# Data records
========================================================================
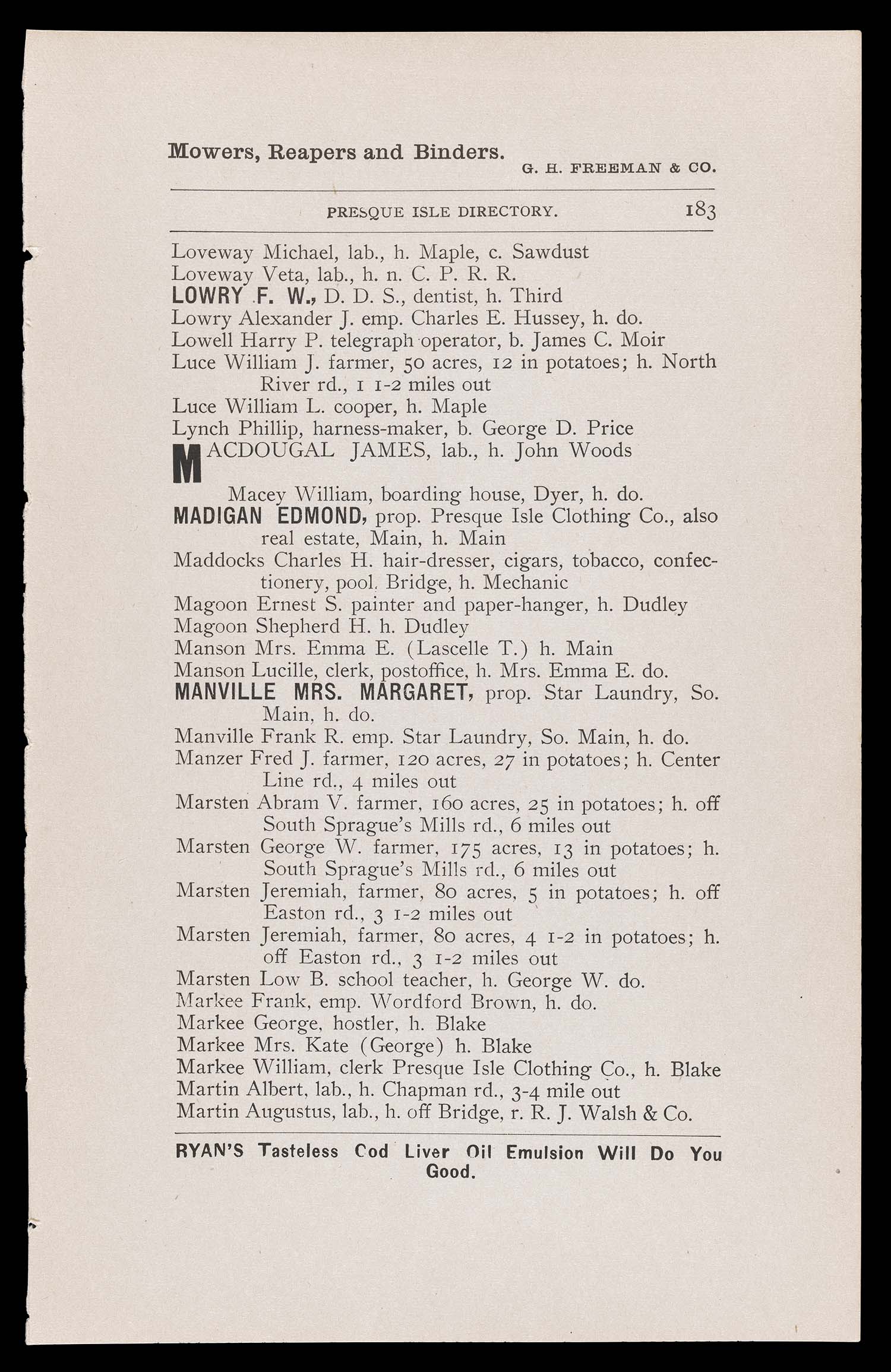 ↑ Parent: The Houlton directory, 1900 : a complete index to the residents, business, streets, etc. of the town of Houlton, Aroostook County, Maine with other useful information
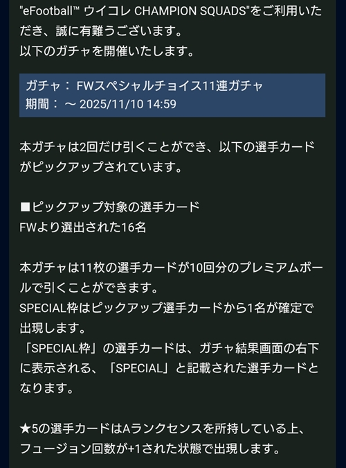 HOME > イベント > タイタンズリーグ直前FWスペシャルチョイス11連ガチャ 2025年11月7日 スポンサーリンク 開催日: 2025年11月4日 3:00 PM - 2025年11月10日 3:00 PMカテゴリー: 【ウイコレ】その他ガチャ スポンサーリンク 関連コンテンツ -
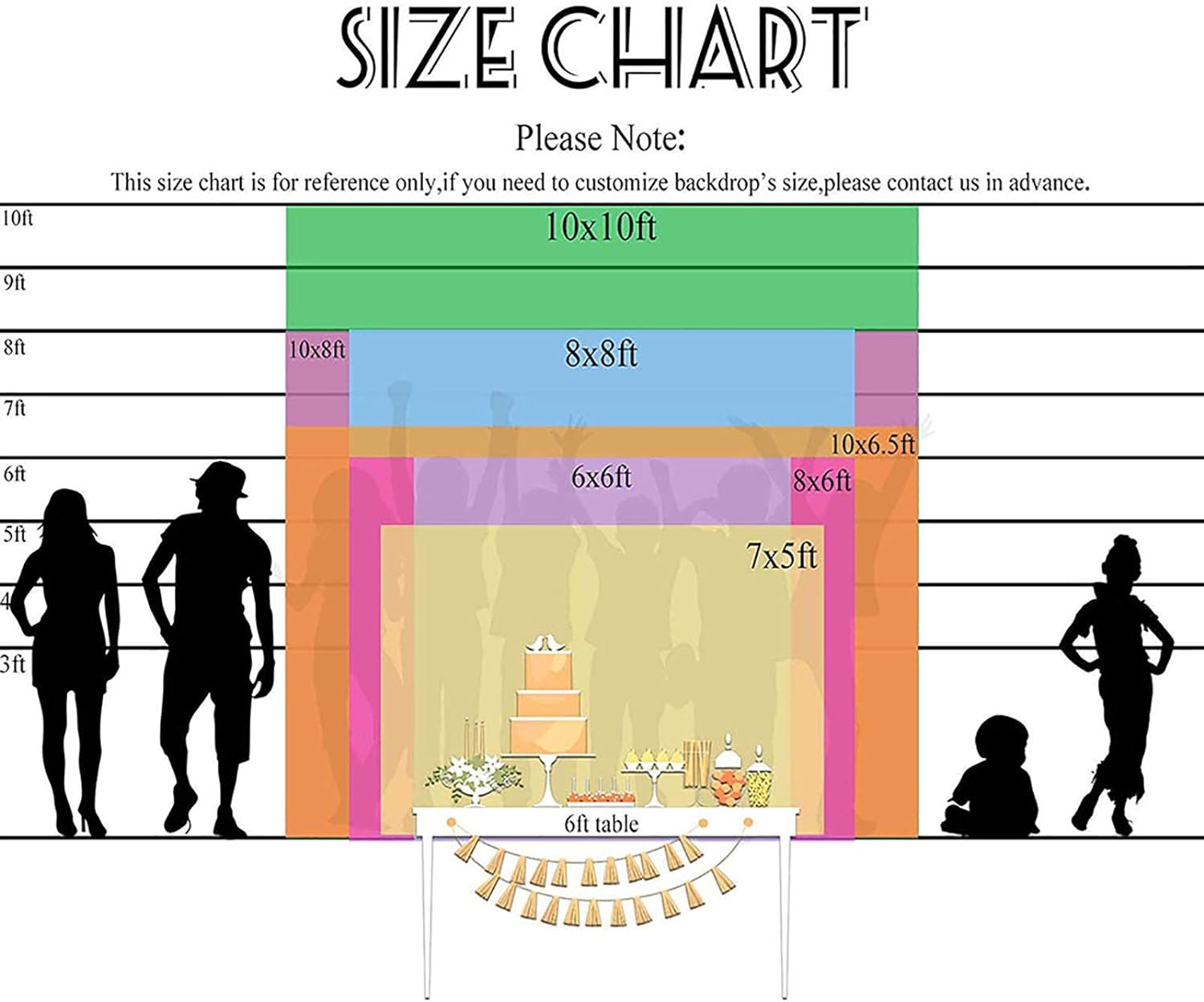- [Proper Size]: The background size is 10x7ft (width: 120 inches, height: 84 inches), foldable for shipping. The size is large enough to be paired with holiday related balloons, garland kit, props, and tablecloths to create a perfect party!
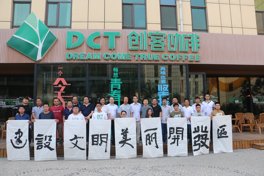 隨后是書法家們的主場,一行人在DCT創(chuàng)客空間開展了“邯鄲市迎接十九大書法作品評審”,并用通俗易懂的語言向我們傳授基本的書法知識,使我們都能領(lǐng)略國粹的魅力。后,書法家們即興潑墨,題寫“建設(shè)文明美麗開發(fā)區(qū)”,,助力我區(qū)創(chuàng)城工作。
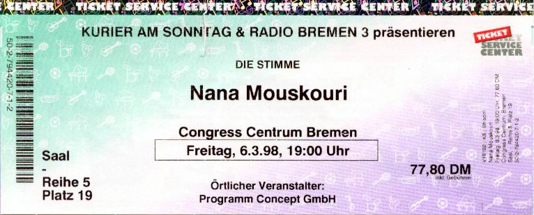 | 06.03.1998 | Bremen | CCB | D | Ticket | O | |||
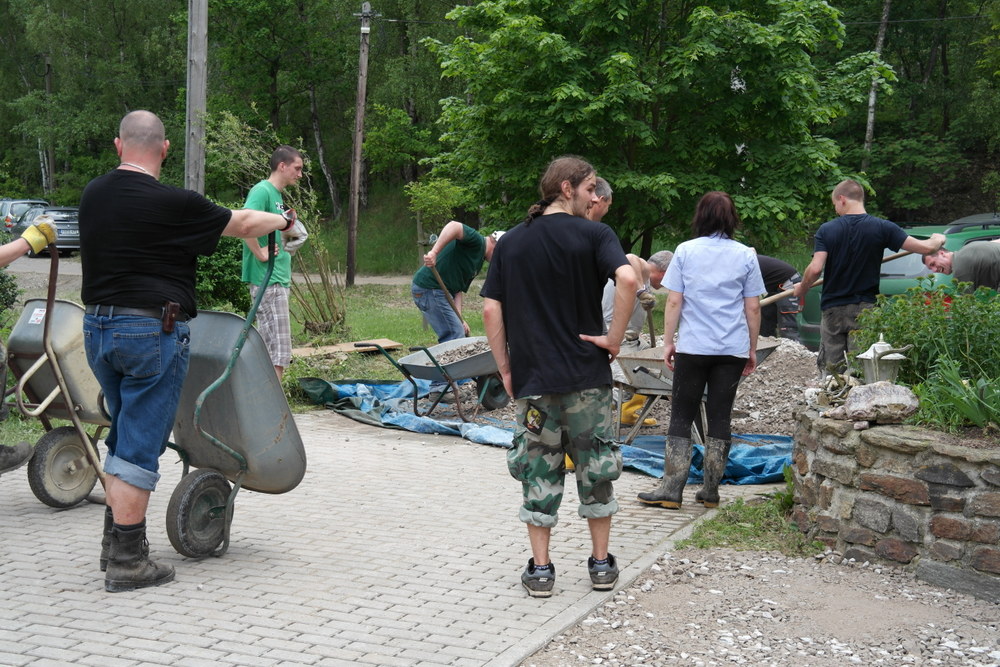 Auf die Wiese hatte es den ganzen Split aus der Einfahrt gespült.
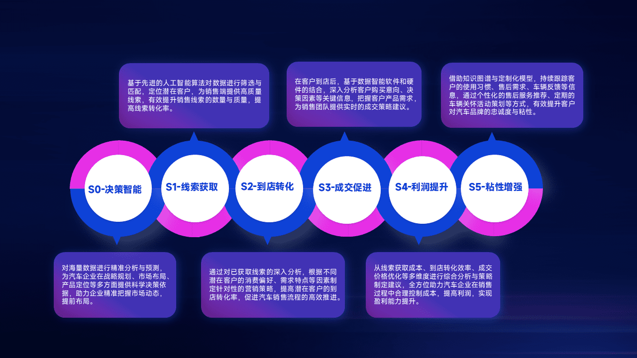 通过拓宽潜在客户来源、、、、优化线索分配并提高到店转化率,,,,以增强销售效率。。。同时,,,利用线索数据不断优化分析模型,,有效提升转化率,,,扩大营销影响力。。
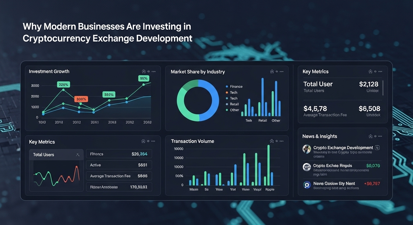 Modern businesses are investing in cryptocurrency exchange development because it offers strong growth opportunities, competitive advantages, new revenue models, and access to the fast-growing digital economy. With the rising popularity of cryptocurrencies, companies see crypto exchanges as essential tools for global expansion, secure financial services, and participation in the future of digital finance.
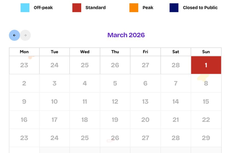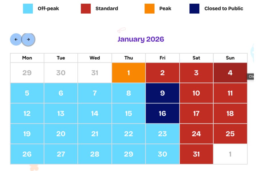Ticket prices vary based on whether you buy them for Standard, Off-Peak, or Peak Days in the Adults or Concession (children aged 3-11) categories. Each online ticket also comes with a specific number of tokens that are loaded onto a card you can use for rides and games, depending on which category you buy.
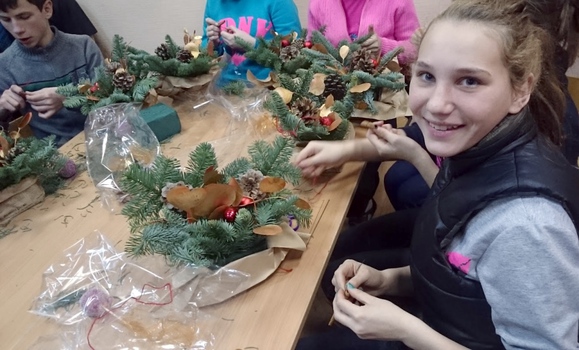 Знакомство плавно перетекло в мастер-класс по флористике, проведенный наставницей Олесей. Он получился по-настоящему теплым и новогодним - ребята собирали красивые композиции из сосновых веточек, шишек, роз и украшений.
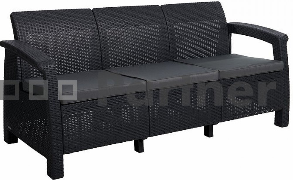 Dodáváno v demontovaném stavu Výška celkem: 790, Výška sedací části: 400/460, Šířka celkem: 1820, Hloubka celkem: 700, Hmotnost: 18, Nosnost: 220, Materiál: polypropylen, Barva: antracit, Stohovatelnost: ne, Možnost složení: ne, Poduška: ano (šedá), Balení: 1200 x 800 x 420
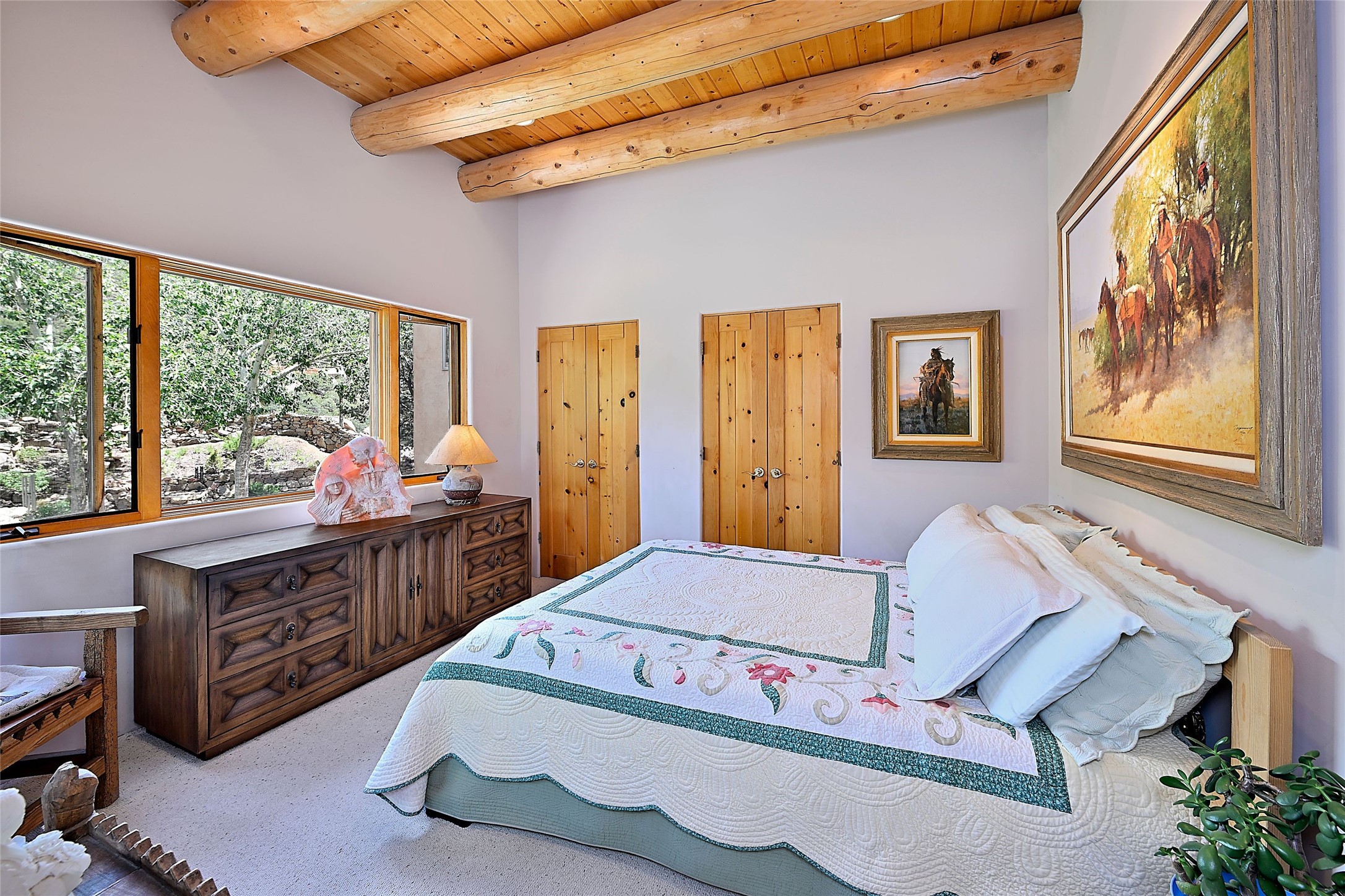 Elevated Living in Santa Fe's Foothills: A Majestic Retreat with Unrivaled ViewsPerched at approximately 7,500 feet, this unique Santa Fe residence offers a top-of-the-world experience, blending seclusion with breathtaking vistas across five mountain ranges. From fiery sunsets and dramatic desert storms to shimmering city lights, this home captures the ever-changing beauty of Northern New Mexico.Designed for those seeking comfort, privacy, and inspiration, the residence sits on five pinon-studded acres -- with an astonishing skyline and easy access to Santa Fe. It's just nine minutes from the historic Plaza, world-class dining, and renowned museums. A thoughtfully sited trail leads to a scenic overlook at top of the property, perfect for early evening toasts in the glow of twilight.Inside, the great room invites abundant natural light through soaring two-story windows and opens to three spacious decks--ideal for embracing the splendor of the high desert sky. The interiors are gracefully appointed with antique, artisan touches: hand-troweled plaster walls, ash and sandstone floors, and hand-crafted cabinetry. Traditional elements like oversized vigas, rough-hewn pine, and smooth-crafted latillas provide warmth and a sense of place.Five wood-burning fireplaces -- three of them harmonized in a Suisse-inspired layout -- bring cozy charm to the living, dining, and outdoor spaces during cooler months. The open kitchen, outdoor spaces and generous and inviting living areas make entertaining exhilarating and effortless.The home's three-bedroom floorplan includes a luxurious main-level primary suite with spa bath, walk-in closet, and direct deck access. Upstairs, a second glorious suite -- currently used as an art studio --presents show-stopping views and its own magnificent terrace. The third bedroom, downstairs, overlooks the courtyard, with its own en-suite bath. Additional architectural details include special northeast facing moon-view windows, beautifully framing the boulder, stone and earth-wrapped cove below with native plantings and lawn -- a perfect nook for shaded afternoon retreats.A thoughtfully planned fenced dog run makes this property as pet-friendly as it is people-perfect.
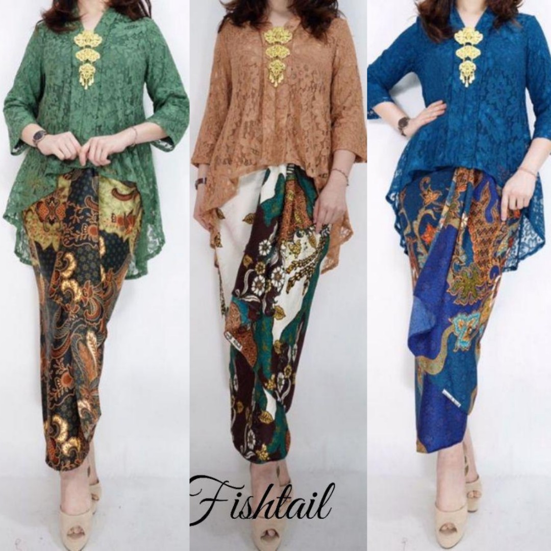 Fishtail Lace Kebaya With Printed Satin Pario Skirt Po 50
========================================================================
# Assignment
Beginning with the line that contains "Modern businesses are" and ending with the line that contains "Dodáváno v demontovaném", reproduce the listing exactly, pictures excluded.

# Response to this exercise
 Modern businesses are investing in cryptocurrency exchange development because it offers strong growth opportunities, competitive advantages, new revenue models, and access to the fast-growing digital economy. With the rising popularity of cryptocurrencies, companies see crypto exchanges as essential tools for global expansion, secure financial services, and participation in the future of digital finance.
Ticket prices vary based on whether you buy them for Standard, Off-Peak, or Peak Days in the Adults or Concession (children aged 3-11) categories. Each online ticket also comes with a specific number of tokens that are loaded onto a card you can use for rides and games, depending on which category you buy.
 Знакомство плавно перетекло в мастер-класс по флористике, проведенный наставницей Олесей. Он получился по-настоящему теплым и новогодним - ребята собирали красивые композиции из сосновых веточек, шишек, роз и украшений.
 Dodáváno v demontovaném stavu Výška celkem: 790, Výška sedací části: 400/460, Šířka celkem: 1820, Hloubka celkem: 700, Hmotnost: 18, Nosnost: 220, Materiál: polypropylen, Barva: antracit, Stohovatelnost: ne, Možnost složení: ne, Poduška: ano (šedá), Balení: 1200 x 800 x 420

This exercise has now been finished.